Q: While the eurozone is rushing to issue CBDCs, the U.S. is promoting the spread of private dollar-backed stablecoins through new legislation and is also moving to ban the issuance of CBDCs. It is concerning that these two major economic blocs are moving in opposite directions.
The emergence of new technologies has naturally led public sectors and private firms across various jurisdictions to explore and innovate in different directions. However, it is crucial to ensure that these developments do not result in fragmentation within the global payment system or regulatory frameworks. In line with the BIS's mandate, we remain committed to fostering multilateral cooperation and promoting the adoption of policy frameworks that serve the interests of the global community as a whole.

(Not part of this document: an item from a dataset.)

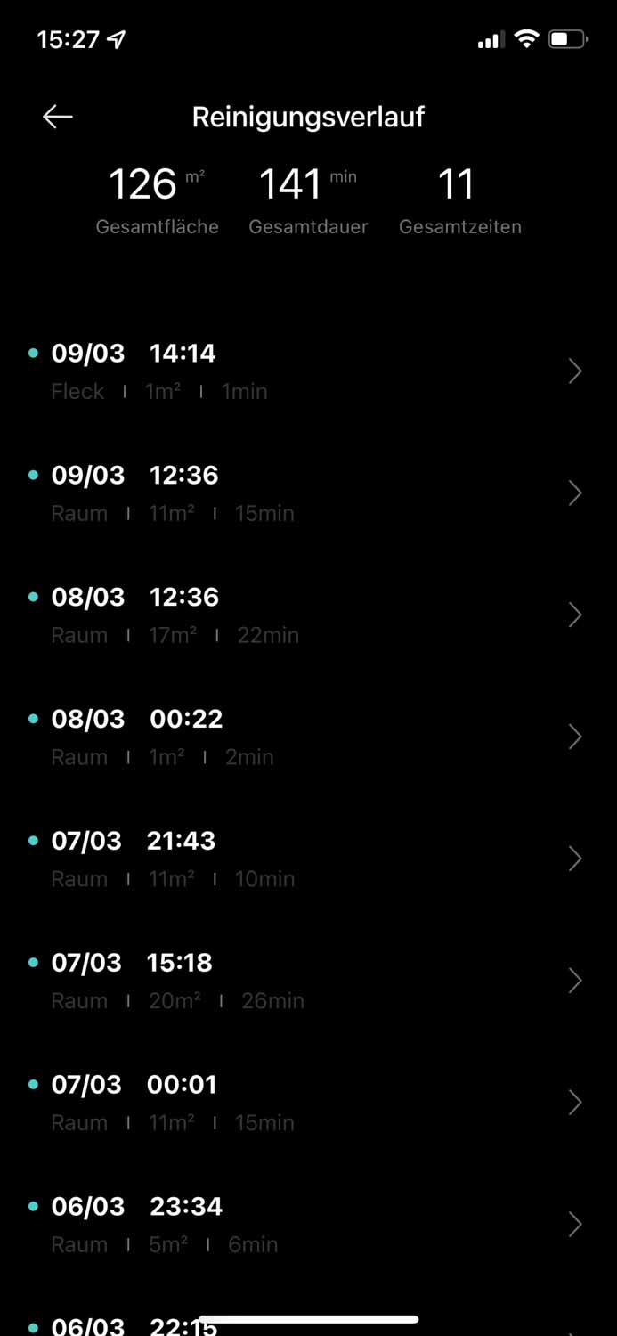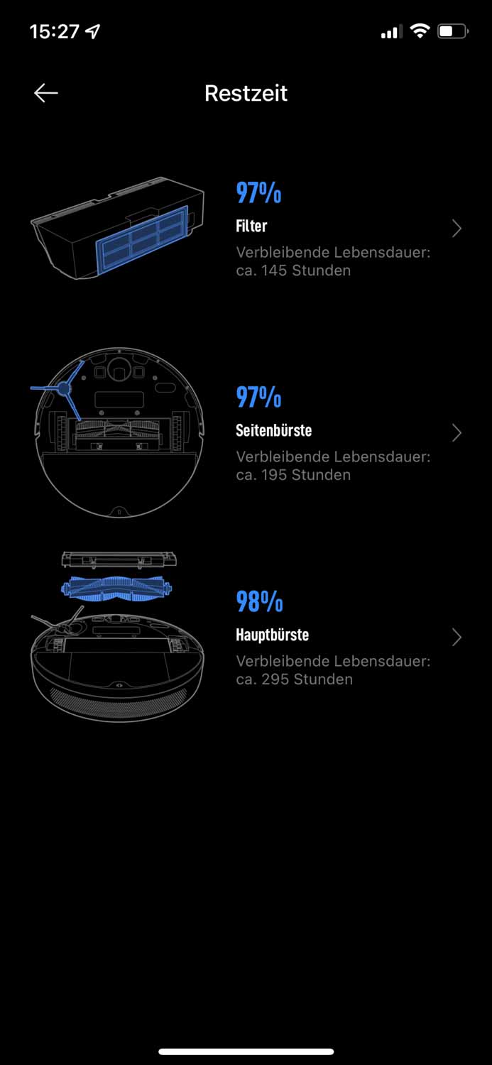 Abzurufen ist eine Ansicht, die zeigt, wann die letzten Reinigungen vonstattengingen. Wann die Verschleißteile den Geist aufgeben und sie gewechselt werden müssen, ist ebenfalls einsehbar. Die App enthält eine Fernsteuerung für den Dreame D9, die den Roboter manuell durch die Wohnung lenken lassen kann. Das ist vorwiegend dann praktisch, wenn der Roboter sich festgefahren hat.

Q: In January of this year, you signed a statement expressing solidarity with Federal Reserve Chair Powell, who conflicted with the U.S. Department of Justice. Please tell us why.
I signed it in my personal capacity to emphasise the vital importance of central bank independence. A key lesson from recent decades is that central bank independence has been essential for maintaining price stability and citizens' well-being and enhancing macroeconomic resilience. There are numerous examples where the erosion of this independence has led to higher inflation and lower economic growth, with severe consequences for citizens.
That said, independence must go hand in hand with accountability. Central banks must operate strictly within their mandates and ensure that their decisions are transparent and based on rigorous economic analysis.
Q: Given your career, which includes serving as Governor of the Bank of Spain and as a member of the ECB Governing Council, your name has reported in the media as a potential successor to ECB President.
I will not comment. My current focus is on finalising a new strategy for the BIS to ensure the institution can adequately support the central bank community in their pursuit of macroeconomic and financial stability. These are exciting times, given the profound challenges – as well as opportunities – posed by the complex global environment and the emergence of new technologies.